Gunplay: Success Strategem
U.S. - 90 guns for every 100 citizens
No kidding. Don't believe me? Well, we have it on the very best authority; a country, to become healthy, wealthy and wise encourages gun ownership. Yep. According to the Small Arms Survey 2006 by the Geneva-based Graduate Institute of International Studies. Didn't say who they were funded by. The U.S. National Rifle Association?
The survey lets us know that over half the eight million new guns manufactured worldwide each year are purchased in the United States. No wonder U.S. citizens have in their possession roughly one-third of the known firearms in existence. That's a lot of fire power. It's well know, of course, that violence in the United States is expressed often with the help of firearms.
And countries like Canada that share a border with the United States are leery of the types of lethal automatic firearms that enter Canada. And Canada practises due diligence in attempting, whenever and wherever possible to obstruct and halt entry across the border. But where there is a demand there will always be a way.
Surprisingly, India had the world's second-largest civilian gun arsenal. About 47 million firearms outside law enforcement agencies and in military possession. Placing India at four guns per 100 people. Is India wealthy by western standards? Getting there, but one would have grave doubts whether the ownership of guns plays any part in its growing economic success.
China has been given third-place ranking with 40 million privately-owned guns. Who knew? Who even suspected? China!?! In ranking order, Germany, France, Pakistan, Mexico (there's that border influence again) Brazil and Russia brought up the rear. We're talking civilian gun ownership, not a nation's armed forces or policing agents.
Yemen, it would appear, placed second as the most heavily armed citizenry on a per capita basis behind the United States, with 61 guns per 100 citizens. Then came Finland with 56, Switzerland with 46, Iran with 30 and Serbia with 38 firearms per 100 citizens. So how does private-citizen gun ownership equate with a country's wealth?
Straggling behind came France, Canada, Sweden, Austria and Germany, each boasting (or not) about 30 guns per 100 people. Many underdeveloped countries, it was pointed out, where scarcity of goods and means leads to endemic violence, had a scarcer incidence of gun ownership. And just as well.
"Weapons ownership may be correlated with rising levels of wealth and that means we need to think about future demand in parts of the world where economic growth is giving people larger disposable incomes", stated Keith Krause, the survey director. Huh? Isn't this a bit arse-backward?
Don't we start with greater disposable income, creating an atmosphere of enablement in gun ownership, not the other way around? Guns as a fetish object of power and control are expressed as a national 'right' by Americans, and in some states of the union the right to bear arms and gun ownership is actually enshrined in legislation.
Some argue that personal ownership of a weapon, like a handgun, a lethal object if there ever was one, is meant specifically to kill people. Others argue that possession of a gun is a deterrent to crime. Since so many individuals own guns and no one is ever certain who has one, the crime level is dampened.
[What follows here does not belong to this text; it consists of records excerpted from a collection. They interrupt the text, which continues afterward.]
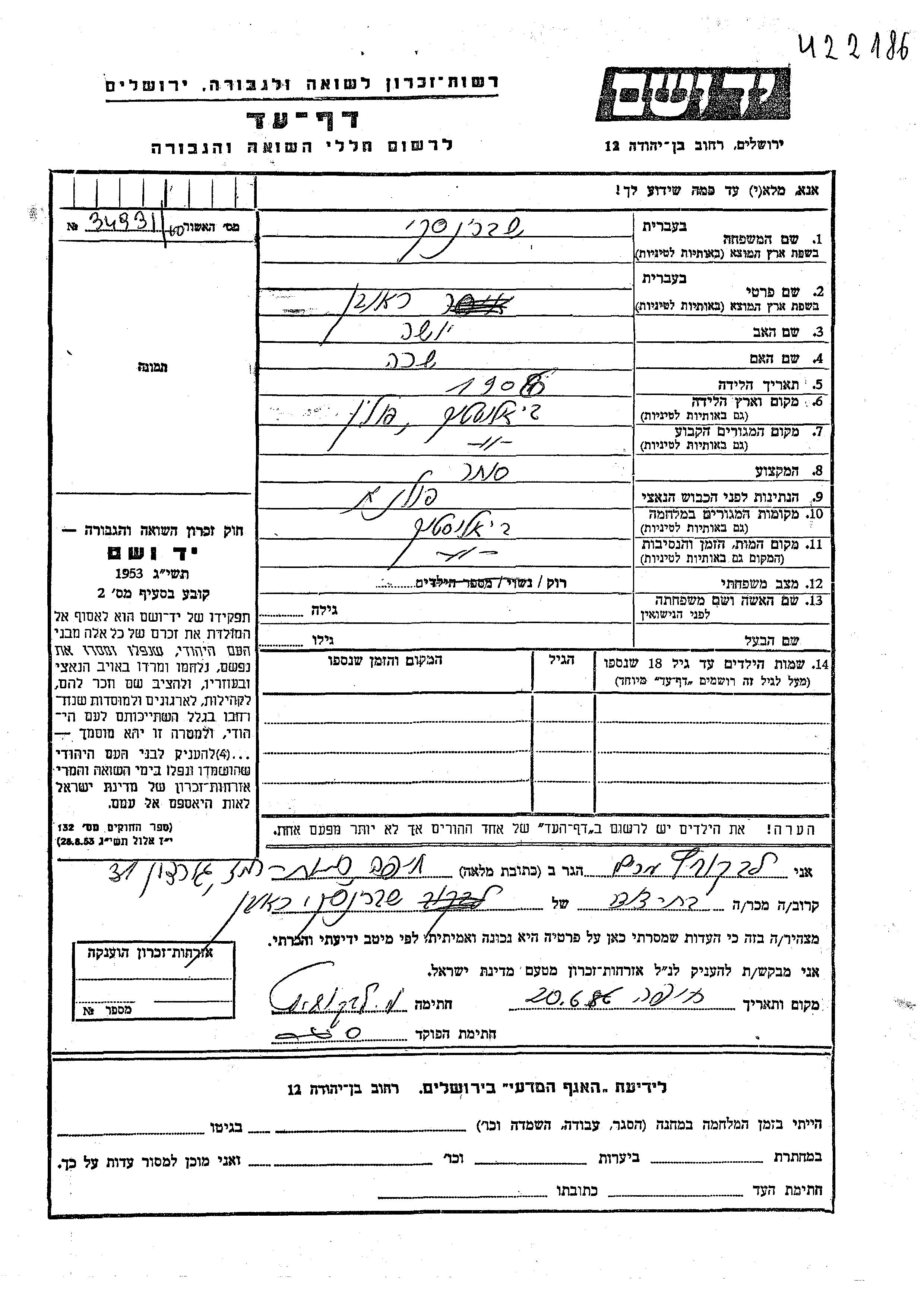Shabrinski Reuven 1906 Bialystok, Polen Gedenkblatt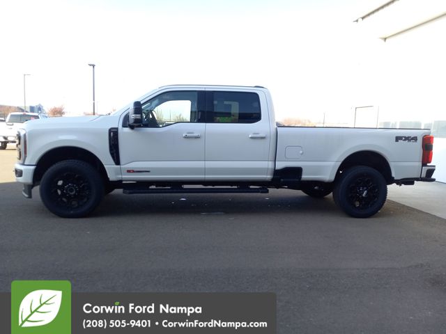 Power through your toughest days with diesel strength and everyday features in our 2026 Ford F-350 Lariat Crew Cab 4X4 with the Black Appearance Package in Star White Metallic Tri-coat. Motivated by a TurboCharged 6.7 Liter High Output PowerStroke Diesel V8 serving up 500hp and 1200lb-ft of torque to a 10 Speed Automatic transmission. This Four Wheel Drive truck complements that muscle with a rugged suspension for an easy ride. Equipped to handle the daily grind, our bold Ford F-350 boasts the Black Appearance Package's rear wheelhouse liners, spray-on Bedliner, 20-inch black wheels, LED lighting, fog lamps, PowerScope trailer mirrors with built-in spotlights, and a power-lock/remote-release tailgate.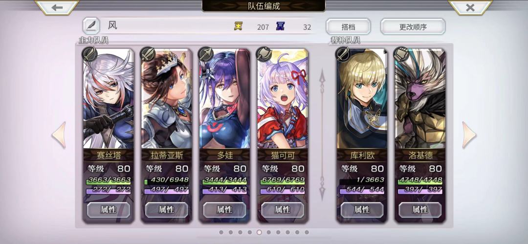 由于没正式玩过, 目前只是一个分析帖! 问了下,狼姐不自带毒疼,那么一动上面队伍依法和雷刀可以下了(雷刀也可以当灵晶架,放后排)! 根据狼姐特性前排四风属性就行。 道中我想应该没问题,吸收和无效那就没法。 副本目前3.0虚时层应该随便打。 一动伤害不够,那可以上依法,一键祝祷! 副本我记得风属性应该都能打。(有吸收或者无效,请告知。) 问题来了。 日常平行迷宫非常困难保证120天冥即可!(需要天或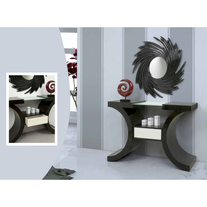 Consola 01 SARCON 18 Consola 01 SARCON 18 com 100X90X36 em Nogueira + Lacado Preto Mate - Moldura 01 SARMOL 14 com 100X80X8 em Lacado Preto Mate. Ver detalhes
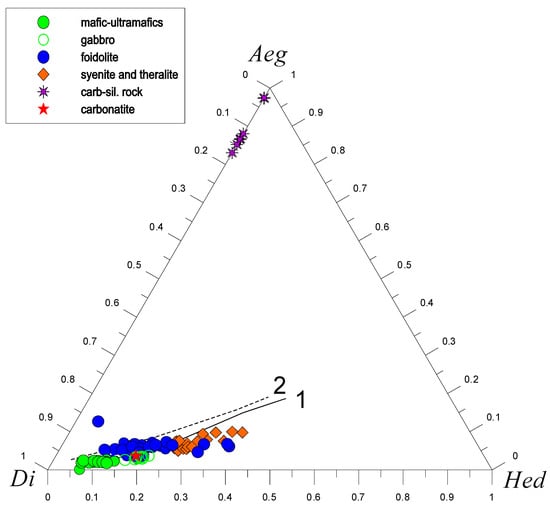 Compositions of clinopyroxenes from the rocks of the Tiksheozero massif in the Di–Hed-Aeg diagram. Variation trends of clinopyroxenes shown for comparison: (1) Jacupiranga, Brazil; (2) Banhadao, Brazil [16,17]. Major element compositions of clinopyroxenes are listed in [5].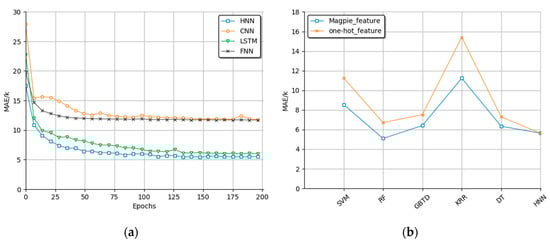 Figure 5a shows the changes in MAE values of all neural network models with the increase in the number of training epochs. Among them, the HNN model proposed in this paper obtained the minimum MAE value of 5.631 k after training 200 generations. At the same time, we can see that our model stabilized after about 80 generations, and the convergence rate was higher than that of the other three baseline models.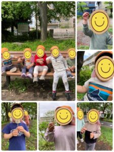 たんぽぽの綿毛を飛ばしたり、ダンゴムシやヘビイチゴ、桜の実を見つけて赤だね。緑だねと発見したことを言葉で伝えてくれるみんなです。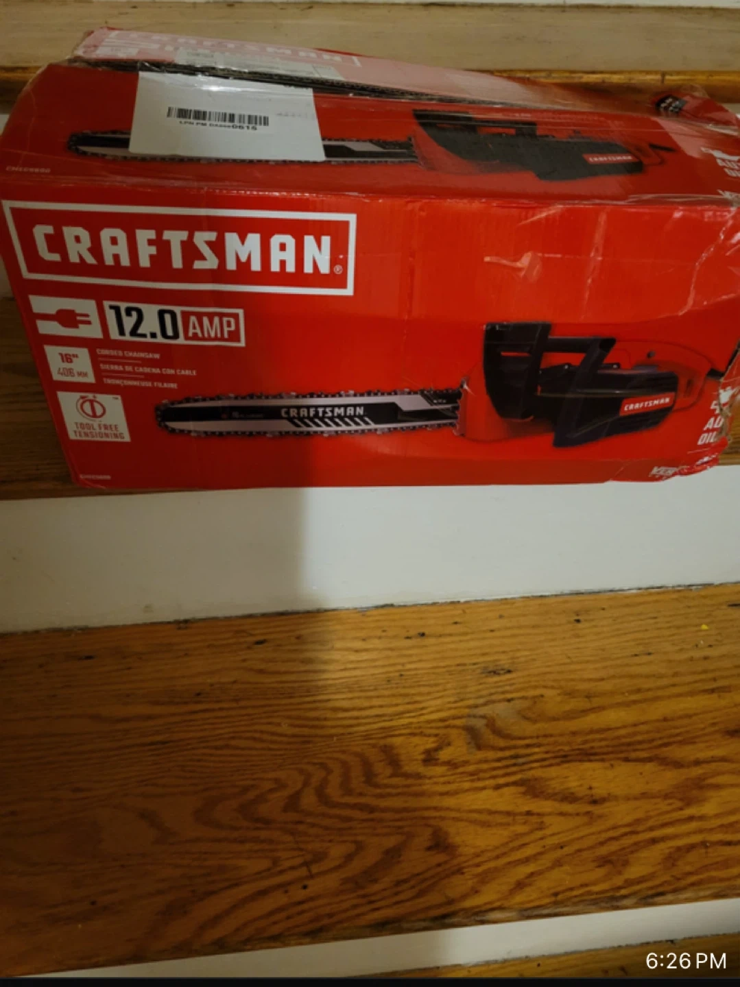 10Selling a Craftsman corded chainsaw. It's 12.0 AMP and has a 16-inch blade (406 mm). It also features tool-free tensioning. Comes in the original box!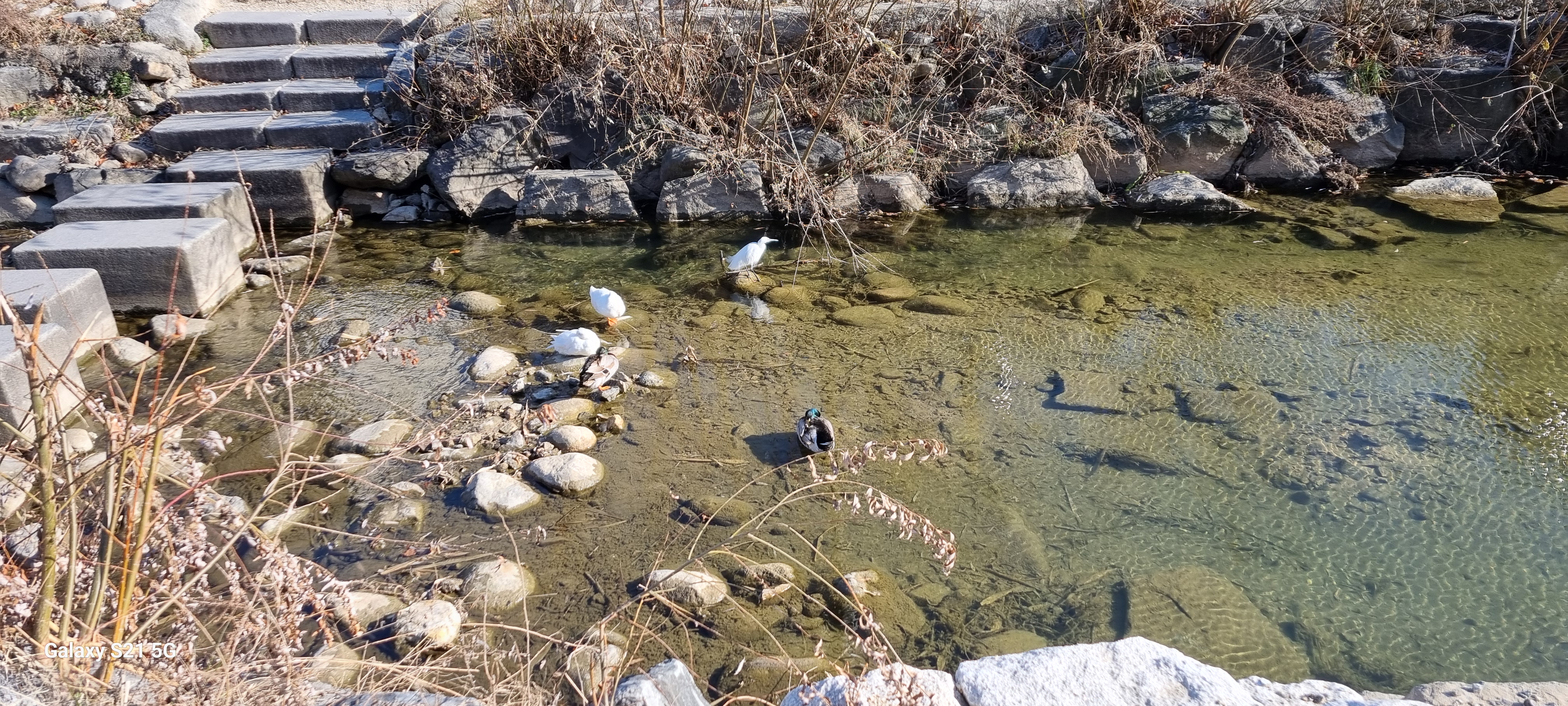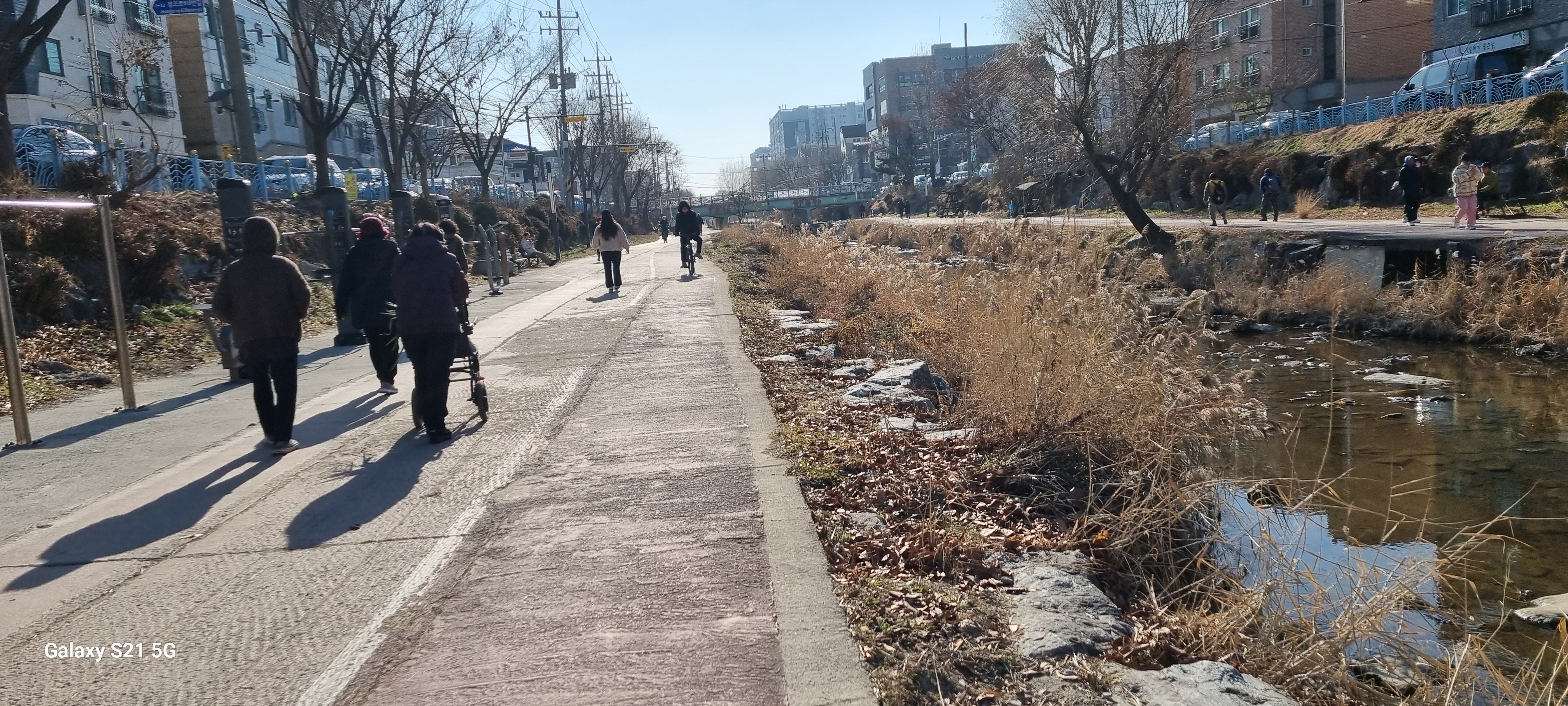 14시5분 매교역을 출발했습니다. 산본 집에서 수원의 매교역까지는 전철로 이동했습니다. 매교역 5번 출구로 나가 세천교 아래 수원천 좌안의 천변길로 내려섰습니다. 이틀 전에 소한(小寒)을 맞았는데도 날씨는 그다지 춥지 않아 맨손으로 사진을 찍어도 손이 시리지 않았습니다.

That's cute.
How about rampant gun ownership leading to a breakdown in societal mores and expectations? How about gun ownership granting the owner of said gun the wherewithal to explore his every unlawful anti-society and lethal fantasy?
And while it's instructive to learn that of the world arsenal of guns some 650 million are held by civilians, while a mere 225 are in the possession of law enforcement and military forces, it's not reassuring. The balance is rather more than a little askew.
And it's even scarier to learn that only about 12% of civilian weapons are thought to be registered by authorities. Which would mean that there are far more individual civilians owning lethal weapons produced for the purpose of killing other individuals in the possession of society's many misfits and psychopaths than the study's participants could even imagine.
Guns equal brutal force. Brutal force equals wealth? Give us a break.